Assignment: Using the listing below, set down exactly the lines starting at the line that contains "使用不同品质兵书以及击败叛军是各位主公获取经验的主要途径。" and ending at the line that contains "20일, 서울 여의도", both included, and no others.

Data to use:
>>>

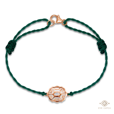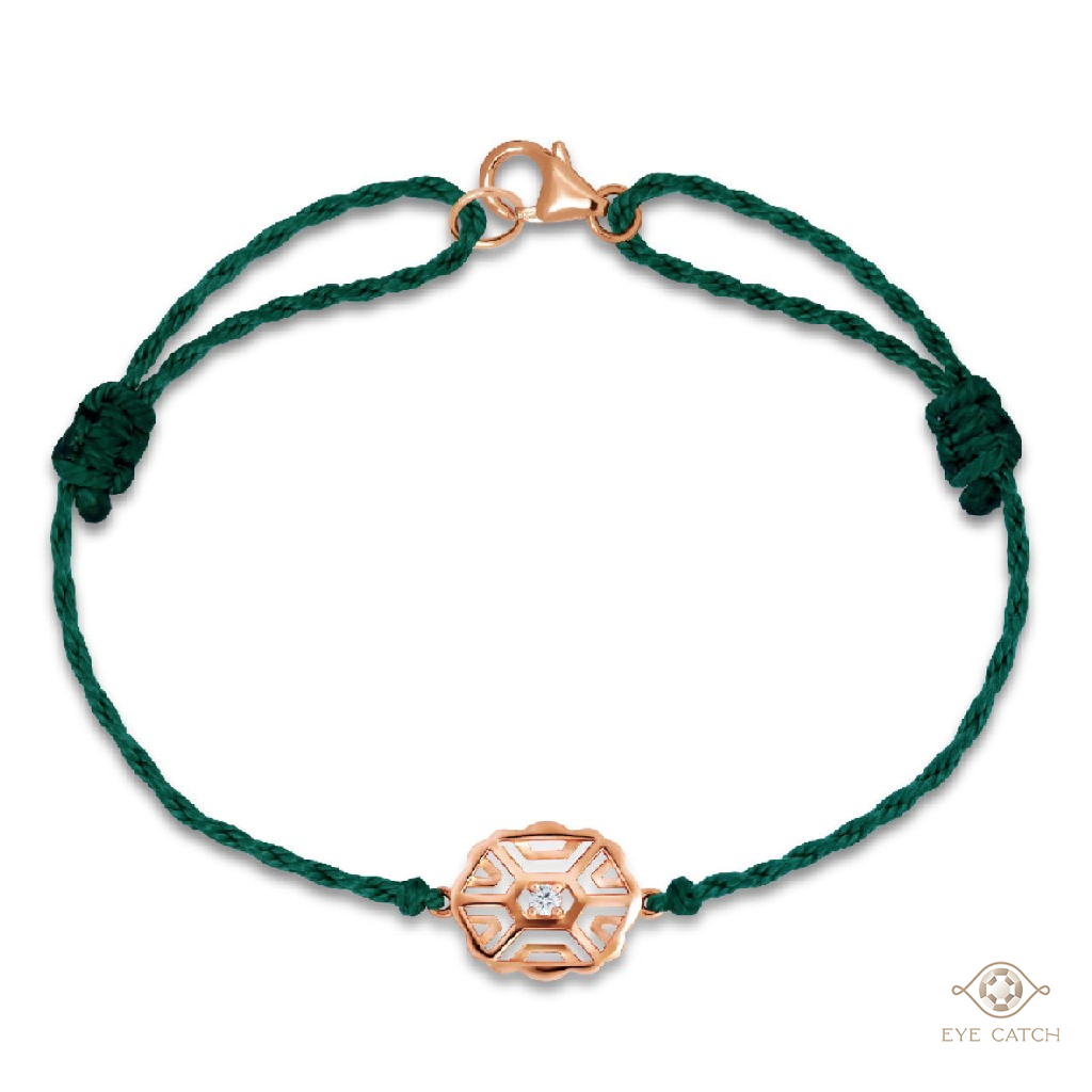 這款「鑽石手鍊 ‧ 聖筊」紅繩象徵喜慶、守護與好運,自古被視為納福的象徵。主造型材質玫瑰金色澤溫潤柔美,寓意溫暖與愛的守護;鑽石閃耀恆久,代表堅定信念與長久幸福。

<<<
>>>

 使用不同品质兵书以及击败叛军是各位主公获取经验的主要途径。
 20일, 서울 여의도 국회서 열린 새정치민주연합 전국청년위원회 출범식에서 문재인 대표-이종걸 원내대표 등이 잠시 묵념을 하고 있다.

<<<

Written response:
 使用不同品质兵书以及击败叛军是各位主公获取经验的主要途径。
 20일, 서울 여의도 국회서 열린 새정치민주연합 전국청년위원회 출범식에서 문재인 대표-이종걸 원내대표 등이 잠시 묵념을 하고 있다.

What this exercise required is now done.